(What to work on):
Would you retype the entries from the first line to the line bearing "No Order (单元测试)(含答案)QXYYRJ-0191", both included, leaving out every picture?
===== The data =====
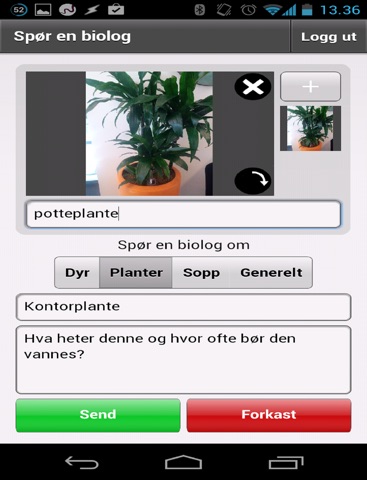 En app til Spør en Biolog forumet (http://bio.no/enbiolog/ ) som gjør det enkelt å ta bilder med mobil og sende spørsmålet direkte til forumet. For å ta i bruk appen må du ha en eksisterende bruker på forumet. Gå til http://bio.no/enbiolog/register.asp for å registrere deg.
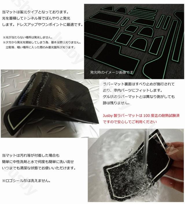 ・ホワイトタイプはホワイトラインが蓄光となっており、白ライン部の蓄光した箇所は暗くなると光ります。トンネルに入った際など格好良く光のラインが浮かび上がります。(通常時に光の当たる蓄光マットのみ暗い場所に入った際に光ります。(暗いトンネル・立駐等)夕方から発光を開始してしまう為、夕方や夜間は光りません)
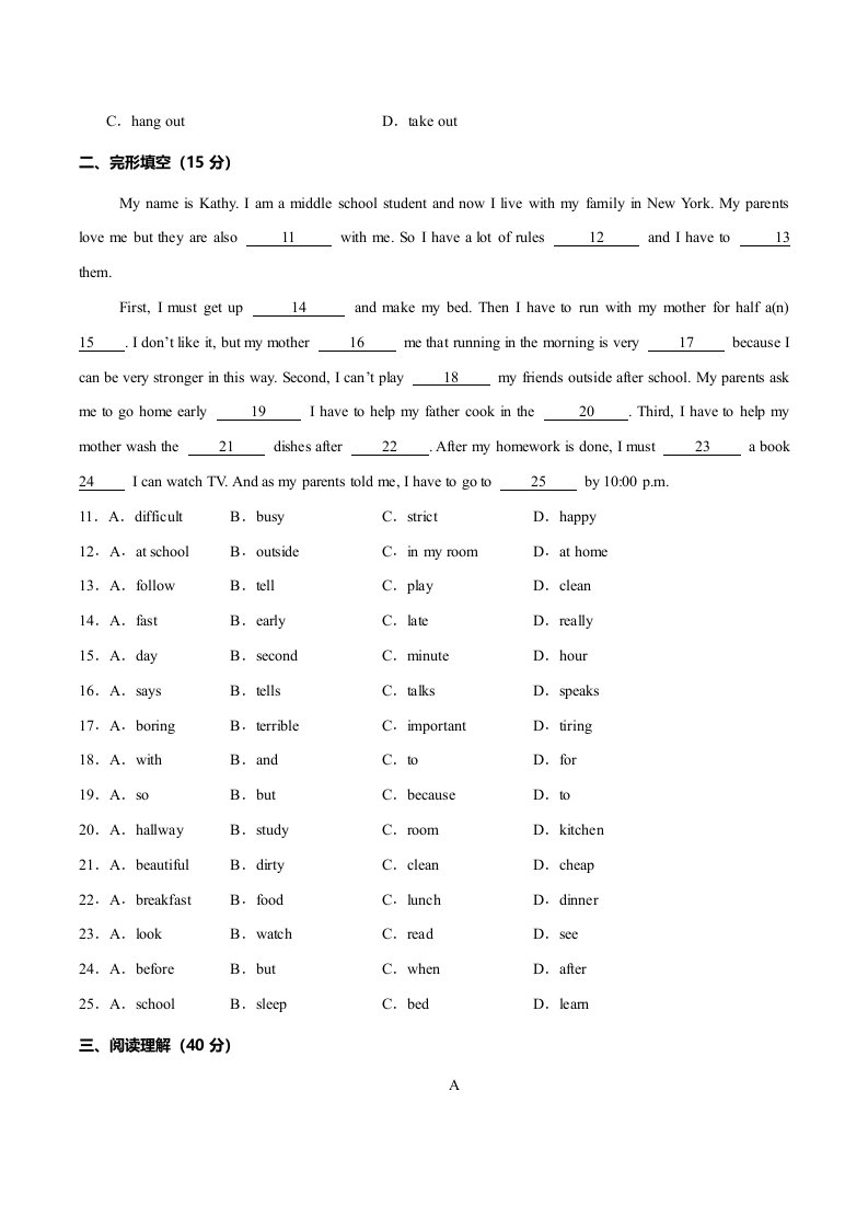 > 七下英语 Unit 2 No Rules , No Order (单元测试)(含答案)QXYYRJ-0191
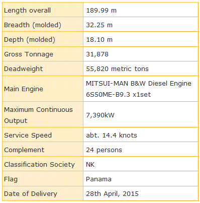 Special Features 1. The vessel has four (4) cranes and five (5) cargo holds, and keeps the superior usability of “Mitsui 56”. 2. The length is less than 190m and keeps the superior usability in consideration of domestic and foreign ports. 3. The vessel is designed for loading various cargos like coal, ore, grain, as well as lengthy/heavy cargo such as steel pipe and hot coil. 4. The new form of the bow and stern makes it possible to keep good performance in rough sea conditions as well as calm sea conditions and shows better maneuverability. 5. The size of hatch opening is the largest for this type of vessel in terms of both length and width. 6. Main Engine, MITSUI-MAN B&W Diesel Engine 6S50ME-B9.3, complying with MARPOL NOx restriction (Tier-II) for exhaust gas emissions, gives superior fuel oil consumption over wide range of output. 7. Considering strengthened restriction for SOx, the ship has low sulfur fuel oil tanks, which are designed for operation in ECA (Emission Control Areas). 8. The vessel is designed in accordance with IACS Common Structural Rules. (MES) Mitsui Engineering & Shipbuilding Co. Ltd. press release |
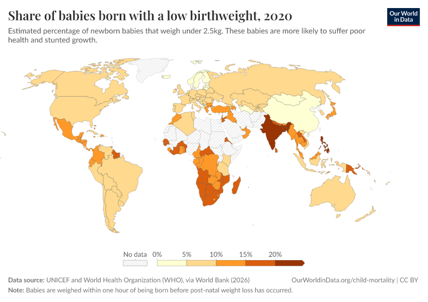 UNICEF and World Health Organization (WHO), via World Bank (2026) – processed by Our World in Data. “Share of babies born with a low birthweight” [dataset]. UNICEF and World Health Organization (WHO), via World Bank, “World Development Indicators 125” [original data]. Retrieved March 3, 2026 from https://country-profiles-in-search.owid.pages.dev/grapher/share-of-low-birthweight-babies-born
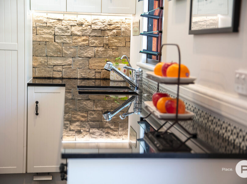 – Renovated adjoining kitchen equipped with stone accents, quality appliances and ample cupboard storage
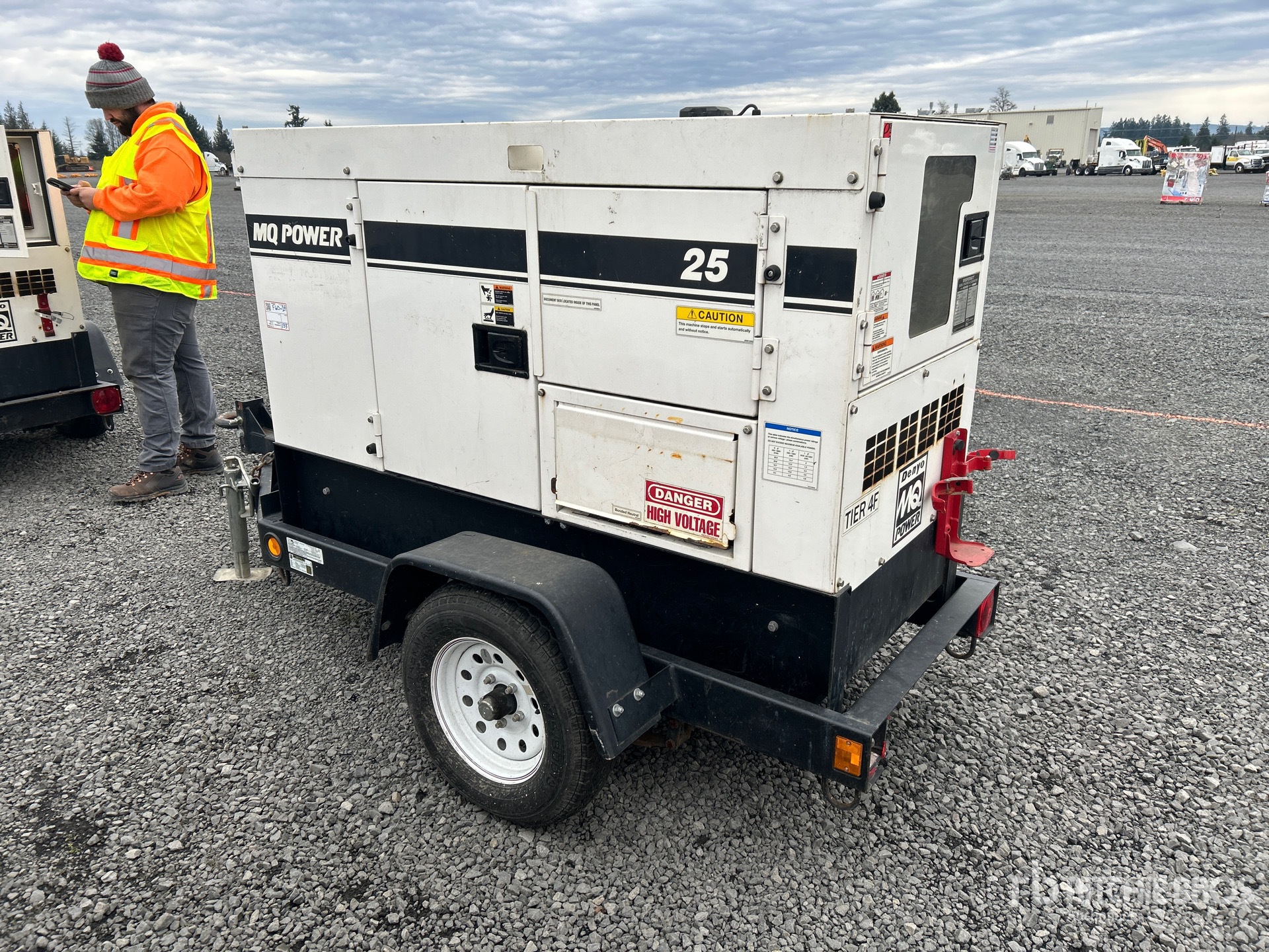 2017 US EPA Label, Isuzu 4LE2T 4 Cylinder 19 kW 2.179 cc Diesel Engine, 25 kVA/20 kW Rated 3 Phase Output, 480 V / 240 V / 120 V Rated Voltage, 14.4 kVA,/14.4 kW, Rated Single Phase Output, 120 V / 240 V Rated Voltage, 240 V & 120 V Receptacles, Sound Attenuated, Bottom Mounted Fuel Tank, Lunette Ring Carrier Trailer
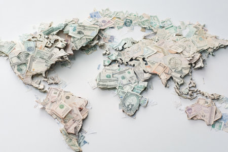 A detailed map of the world composed entirely of assorted banknotes showcases a unique artistic interpretation of global geography.
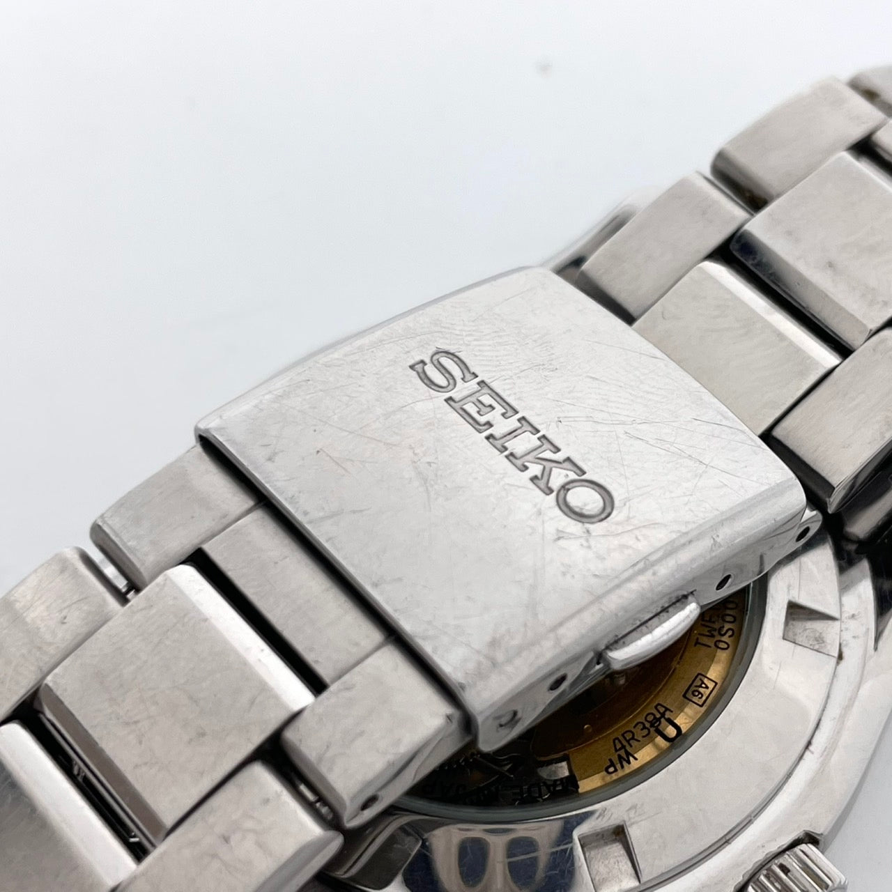| 商品説明 | SEIKO(セイコー)のプレサージュシリーズ、メカニカルモデル「4R38-00S0」自動巻き腕時計。9時位置に配置されたオープンハートから精巧なムーブメントの動きを堪能できるスケルトン仕様で、機械式時計の魅力を存分に楽しめます。裏蓋はシースルーバックとなっており、両面からムーブメントを眺められる設計です。 ブラック文字盤にシルバーのインデックスと針が映えるデザインは、モダンかつエレガントな雰囲気を演出。ラウンド型のケースはクラシックな印象を持ちつつ、ビジネスからドレスシーンまで幅広く対応できるスタイル性を備えています。ステンレススチールのケースとブレスレットが、耐久性と高級感を両立しています。 本モデルは日本の精密技術が詰まった自動巻きキャリバー「4R38」を搭載し、24石のメカニカルムーブメントならではの確かな精度と信頼性を誇ります。クリーニング済みで稼働状態にあり、日常使いから特別な場面まで安心してご使用いただける一本です。 ・ブランド:SEIKO(セイコー) ・シリーズ:プレサージュ(Presage) ・モデル:4R38-00S0 ・ムーブメント:自動巻き(Automatic/24 Jewels) ・ケース形状:ラウンド ・ケースカラー:シルバー ・文字盤カラー:ブラック ・素材:ステンレススチール ・仕様:オープンハート/スケルトン/シースルーバック/アナログ表示 ・状態:稼働品/クリーニング済み 洗練されたデザインとメカニカルのロマンを兼ね備えた逸品で、時計愛好家やビジネスマンにおすすめのモデルです。 |
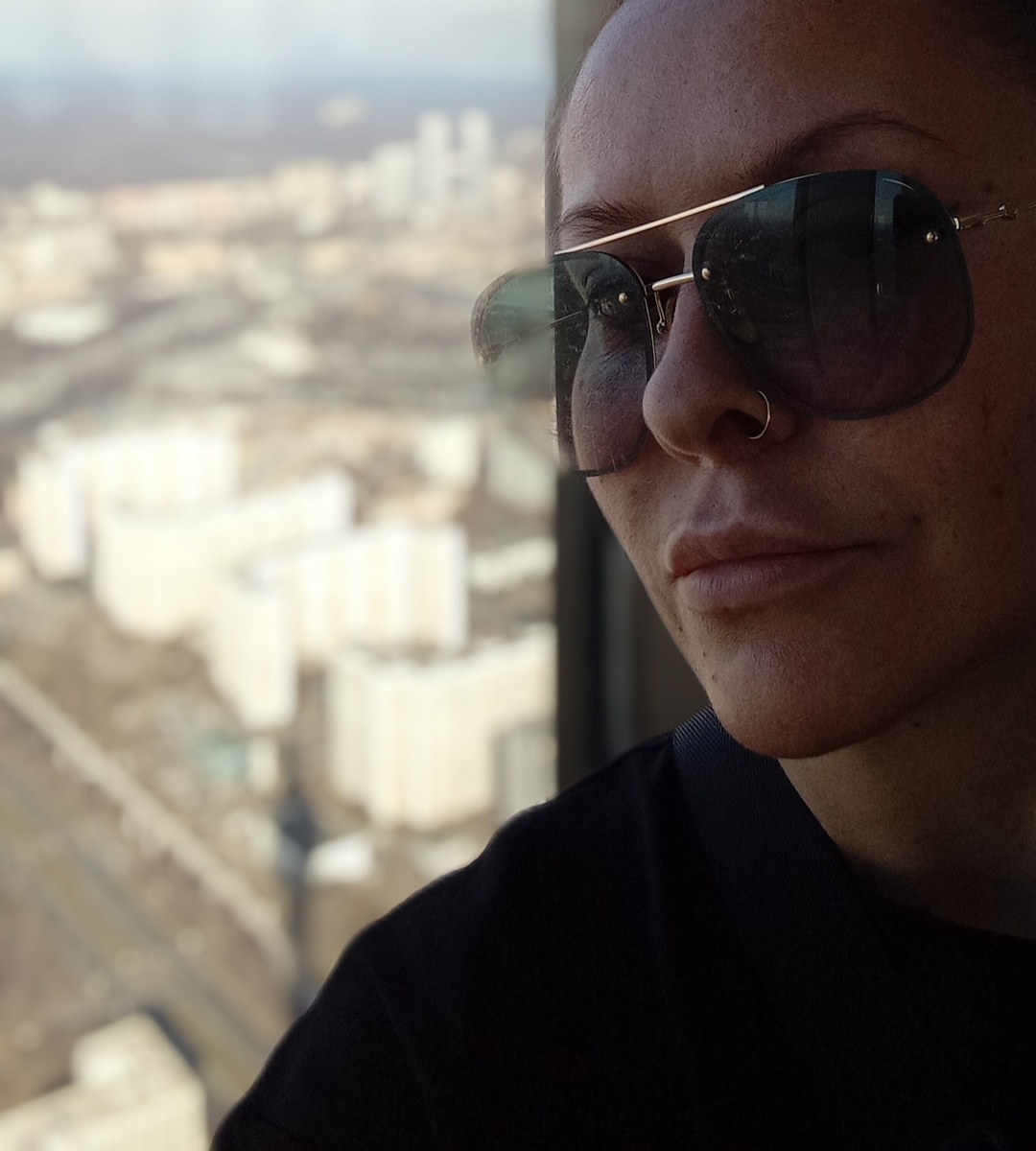 Отвалявшись на стеклянных полах, походив по небу, нарезав несколько кругов по смотровой площадке, мы с Таней решили ждать лифт для спуска. Чтобы ожидание не было скучным – неистово фотались.
=====
(Response to this exercise):
 En app til Spør en Biolog forumet (http://bio.no/enbiolog/ ) som gjør det enkelt å ta bilder med mobil og sende spørsmålet direkte til forumet. For å ta i bruk appen må du ha en eksisterende bruker på forumet. Gå til http://bio.no/enbiolog/register.asp for å registrere deg.
 ・ホワイトタイプはホワイトラインが蓄光となっており、白ライン部の蓄光した箇所は暗くなると光ります。トンネルに入った際など格好良く光のラインが浮かび上がります。(通常時に光の当たる蓄光マットのみ暗い場所に入った際に光ります。(暗いトンネル・立駐等)夕方から発光を開始してしまう為、夕方や夜間は光りません)
 > 七下英语 Unit 2 No Rules , No Order (单元测试)(含答案)QXYYRJ-0191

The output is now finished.